Take the lines from the one containing "今回いただいた課題は、『しる" through the final line below and restate them exactly. Omit the pictures.

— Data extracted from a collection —
......
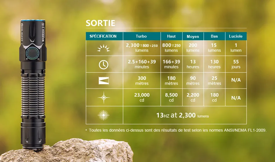 En choisissant la Olight Warrior 3S vous recevez une lampe de poche compacte mais surpuissante, car 2.300 Lumens ça représente une luminosité supérieure à deux ampoules classiques de 100 Watts, dirigées dans un faisceau et non pas diffusée à 360°.
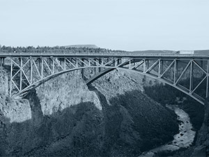 The Crooked River High Bridge is a steel arch bridge that spans the Crooked River gorge in Jefferson County, Oregon. The bridge was designed by Conde McCullough and was completed in 1926 - with a total length of 141 metres, main span of 100 metres, and is the deck is 90 metres above the canyon floor.
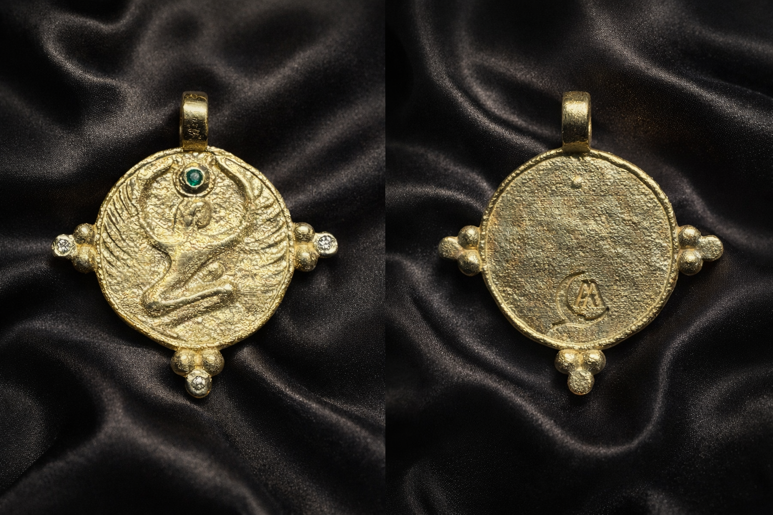 The emerald reflects the historic use of green stones in Egyptian adornment as her living heart; the triad of diamonds her eternal trinity. Her crouch is creation, her uplifted wings invocation. A modern relic for those who remember that divinity wears every face.
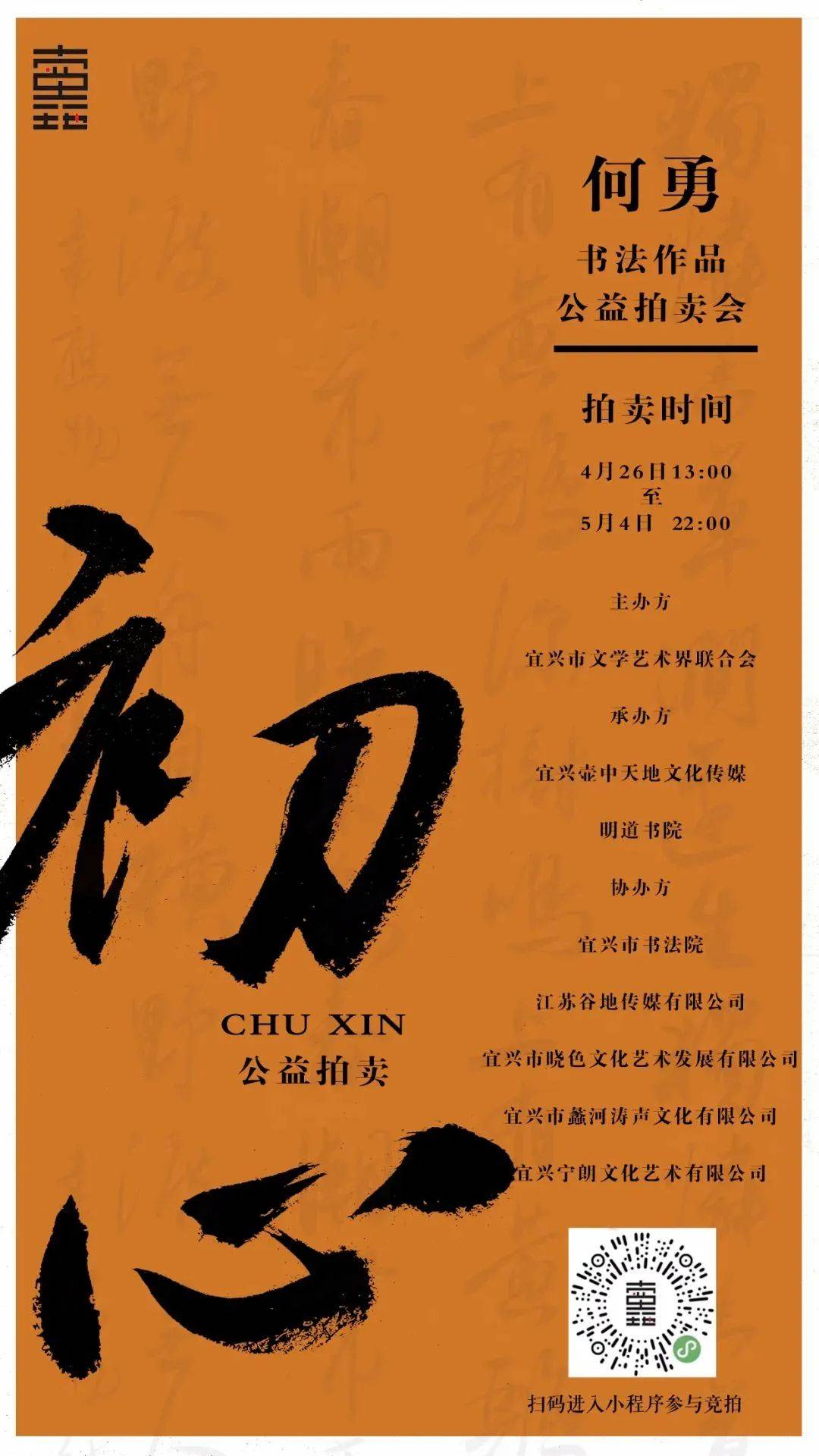 据悉,此次公益拍卖会由宜兴市文学艺术界联合会主办,宜兴市壶中天地文化传媒、明道书院承办,宜兴市书法院、江苏谷地传媒有限公司、宜兴市晓色文化艺术发展有限公司、宜兴市蠡河涛声文化有限公司、宜兴市宁朗文化艺术有限公司协办。 目前,公益拍卖作品已上线网上预展,拍卖时间为4月26日13:00至5月4日22:00,微信搜索小程序“壶中天地拍卖”可参与竞拍。 39件艺术精品,将为抗击疫情增添温暖色彩!再次奉献文艺力量! 何勇部分拍卖作品欣赏
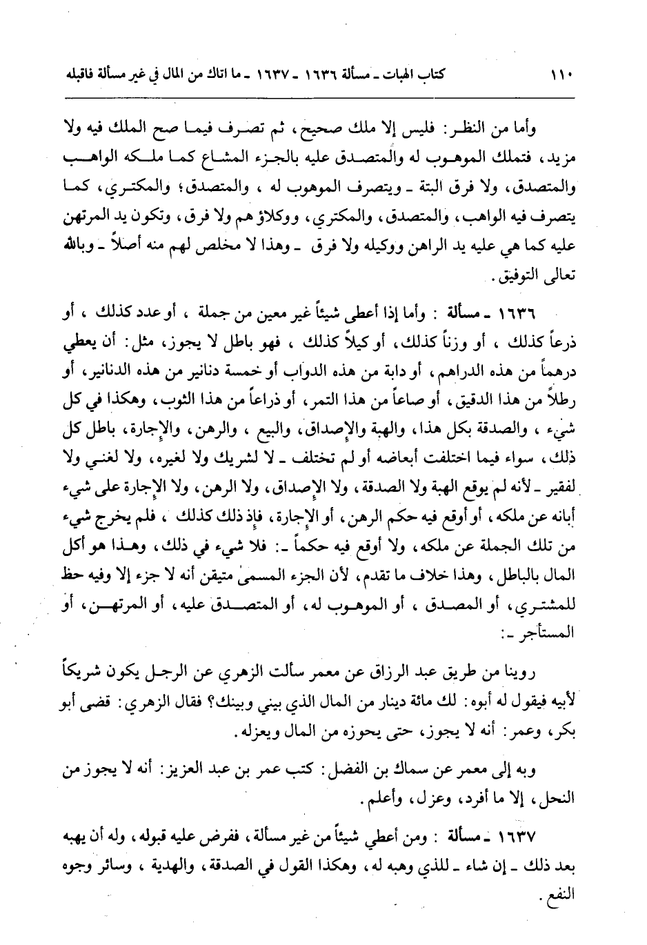 1636 - مَسْأَلَةٌ: وَأَمَّا إذَا أَعْطَى شَيْئًا غَيْرَ مُعَيَّنٍ مِنْ جُمْلَةٍ، أَوْ عَدَدًا كَذَلِكَ، أَوْ ذَرْعًا كَذَلِكَ، أَوْ وَزْنًا كَذَلِكَ، أَوْ كَيْلًا كَذَلِكَ، فَهُوَ بَاطِلٌ لَا يَجُوزُ، مِثْلُ: أَنْ يُعْطِيَ دِرْهَمًا مِنْ هَذِهِ الدَّرَاهِمِ، أَوْ دَابَّةً مِنْ هَذِهِ الدَّوَابِّ أَوْ خَمْسَةَ دَنَانِيرَ مِنْ هَذِهِ الدَّنَانِيرِ، أَوْ رِطْلًا مِنْ هَذَا الدَّقِيقِ، أَوْ صَاعًا مِنْ هَذَا التَّمْرِ، أَوْ ذِرَاعًا مِنْ هَذَا الثَّوْبِ، وَهَكَذَا فِي كُلِّ شَيْءٍ، وَالصَّدَقَةُ بِكُلِّ هَذَا، وَالْهِبَةُ وَالْإِصْدَاقُ، وَالْبَيْعُ، وَالرَّهْنُ، وَالْإِجَارَةُ، بَاطِلٌ كُلُّ ذَلِكَ سَوَاءٌ فِيمَا اخْتَلَفَتْ أَبْعَاضُهُ أَوْ لَمْ تَخْتَلِفْ - لَا لِشَرِيكٍ وَلَا لِغَيْرِهِ، وَلَا لِغَنِيٍّ وَلَا لِفَقِيرٍ - لِأَنَّهُ لَمْ يُوقِعْ الْهِبَةَ وَلَا الصَّدَقَةَ، وَلَا الْإِصْدَاقَ، وَلَا الرَّهْنَ، وَلَا الْإِجَارَةَ عَلَى شَيْءٍ أَبَانَهُ عَنْ مِلْكِهِ، أَوْ أَوْقَعَ فِيهِ حُكْمَ الرَّهْنِ، أَوْ الْإِجَارَةِ، فَإِذْ ذَلِكَ كَذَلِكَ، فَلَمْ يَخْرُجْ شَيْءٌ مِنْ تِلْكَ الْجُمْلَةِ عَنْ مِلْكِهِ، وَلَا أَوْقَعَ فِيهِ حُكْمًا -: فَلَا شَيْءَ فِي ذَلِكَ، وَهَذَا هُوَ أَكْلُ الْمَالِ بِالْبَاطِلِ، وَهَذَا خِلَافُ مَا تَقَدَّمَ؛ لِأَنَّ الْجُزْءَ الْمُسَمَّى مُتَيَقَّنٌ أَنَّهُ لَا جُزْءَ إلَّا وَفِيهِ حَظٌّ لِلْمُشْتَرِي، أَوْ الْمُصَدِّقِ، أَوْ الْمَوْهُوبِ لَهُ، أَوْ الْمُتَصَدَّقِ عَلَيْهِ، أَوْ الْمُرْتَهِنِ، أَوْ الْمُسْتَأْجِرِ -: رُوِّينَا مِنْ طَرِيقِ عَبْدِ الرَّزَّاقِ عَنْ مَعْمَرٍ سَأَلْت الزُّهْرِيَّ عَنْ الرَّجُلِ يَكُونُ شَرِيكًا لِأَبِيهِ فَيَقُولُ لَهُ أَبُوهُ: لَك مِائَةُ دِينَارٍ مِنْ الْمَالِ الَّذِي بَيْنِي وَبَيْنَك؟ فَقَالَ الزُّهْرِيُّ: قَضَى أَبُو بَكْرٍ، وَعُمَرُ: أَنَّهُ لَا يَجُوزُ، حَتَّى يَحُوزَهُ مِنْ الْمَالِ وَيَعْزِلَهُ.
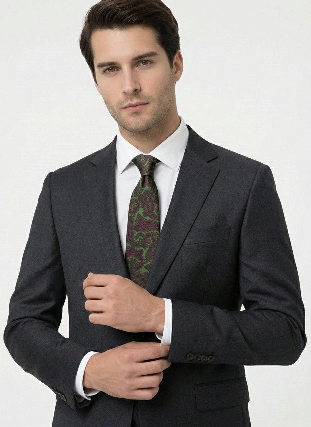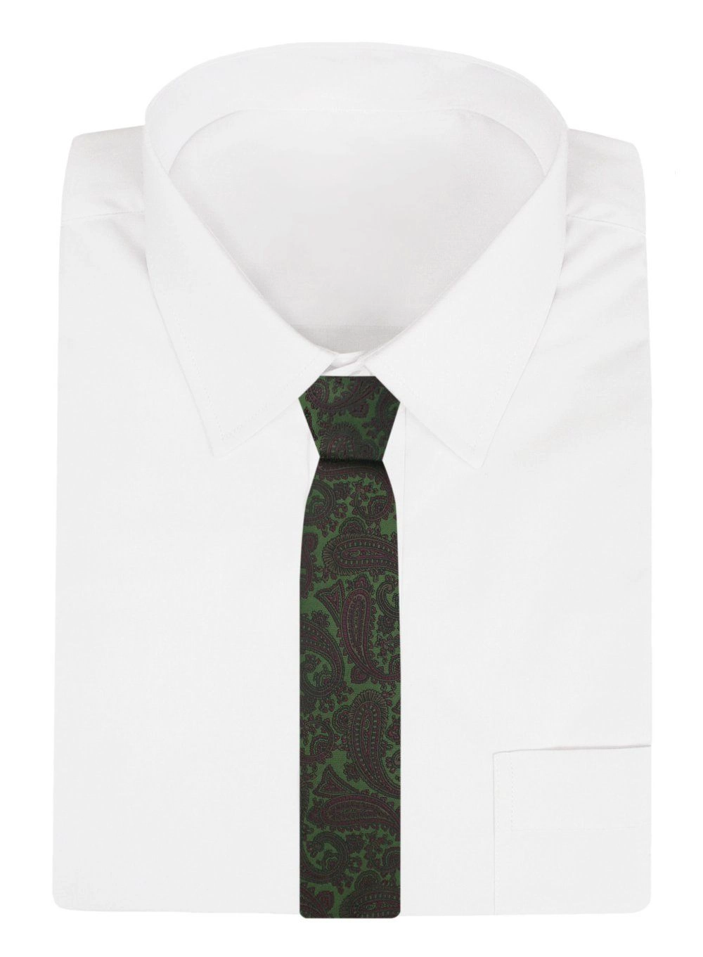 Krawat Męski - Angelo di Monti - Zielony, Duży Wzór Paisley
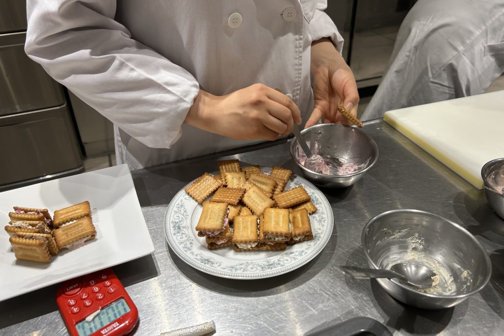 今回いただいた課題は、『しるこサンドを知る・「食」に興味を持ち、楽しんでもらうことを目的とした講座』の考案。各班が工夫を凝らしたアイデアを発表しました。
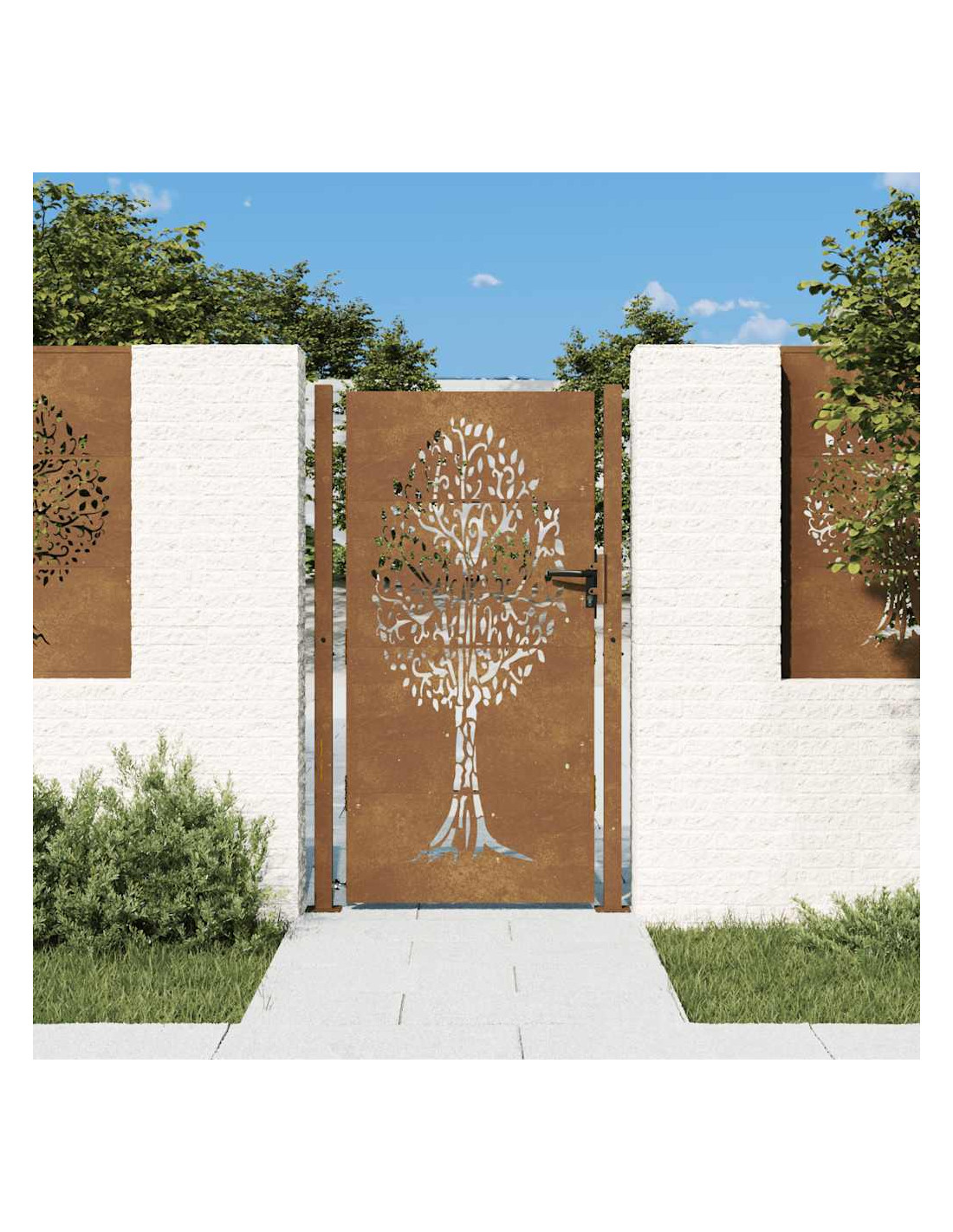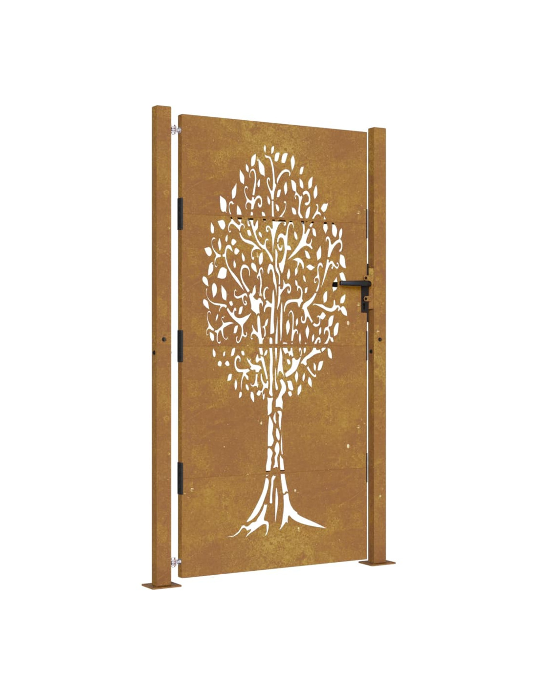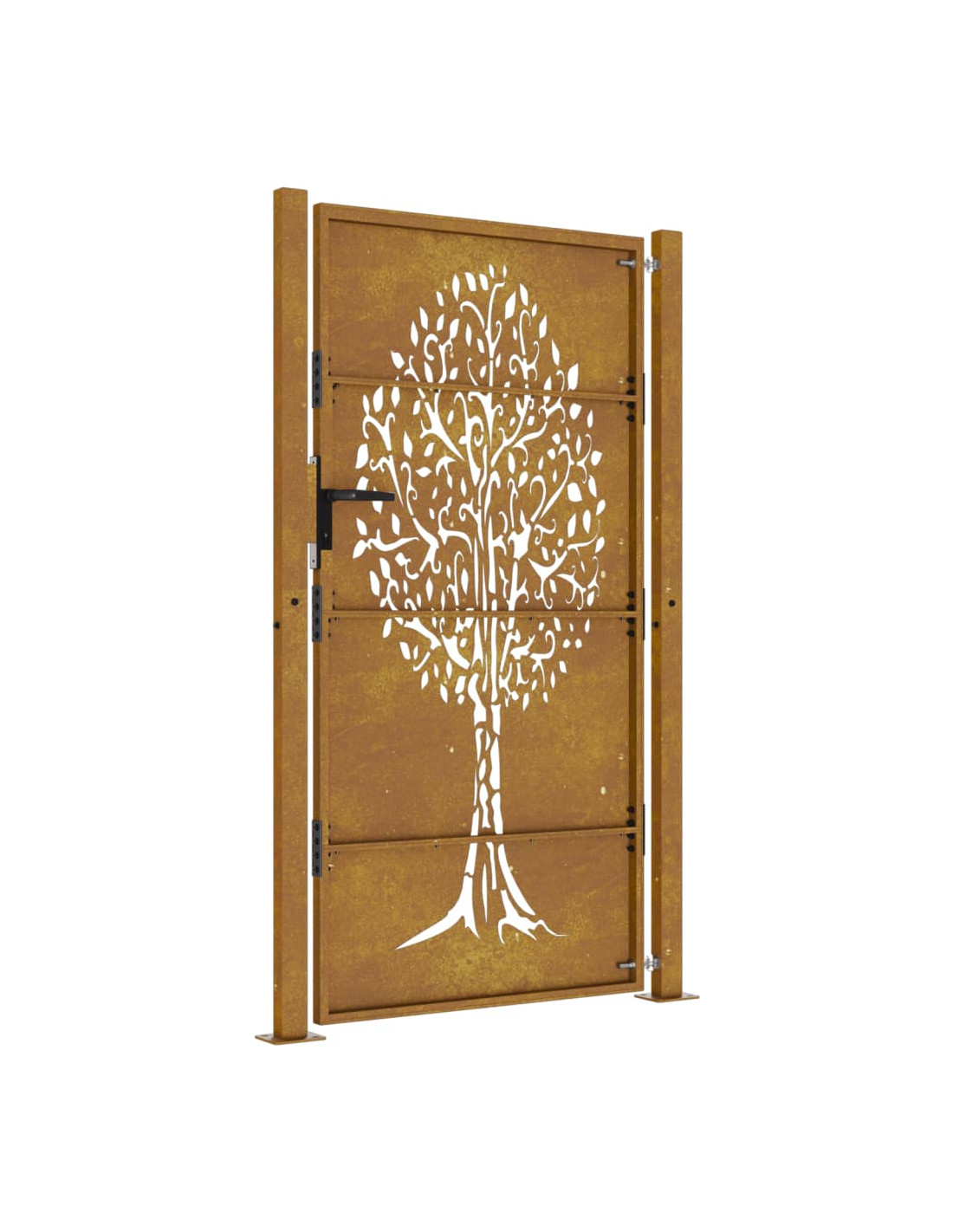 - Materiale durevole: il cancello in metallo è realizzato in acciaio corten. L'acciaio corten è noto anche come acciaio resistente agli agenti atmosferici. Questo è anticorrosivo per sua stessa natura. Sviluppa uno strato protettivo arrugginito contro la corrosione alla prima esposizione agli agenti atmosferici. Quindi, non è necessario dipingerlo. Questo può aiutarvi a risparmiare sui costi di manutenzione e riparazione. Il caratteristico colore marrone dell'acciaio corten attirerà sicuramente l'attenzione. Infine, l'acciaio resistente agli agenti atmosferici è eccezionalmente durevole e resisterà alla prova del tempo.
......
— Solution to this task —
 今回いただいた課題は、『しるこサンドを知る・「食」に興味を持ち、楽しんでもらうことを目的とした講座』の考案。各班が工夫を凝らしたアイデアを発表しました。
 - Materiale durevole: il cancello in metallo è realizzato in acciaio corten. L'acciaio corten è noto anche come acciaio resistente agli agenti atmosferici. Questo è anticorrosivo per sua stessa natura. Sviluppa uno strato protettivo arrugginito contro la corrosione alla prima esposizione agli agenti atmosferici. Quindi, non è necessario dipingerlo. Questo può aiutarvi a risparmiare sui costi di manutenzione e riparazione. Il caratteristico colore marrone dell'acciaio corten attirerà sicuramente l'attenzione. Infine, l'acciaio resistente agli agenti atmosferici è eccezionalmente durevole e resisterà alla prova del tempo.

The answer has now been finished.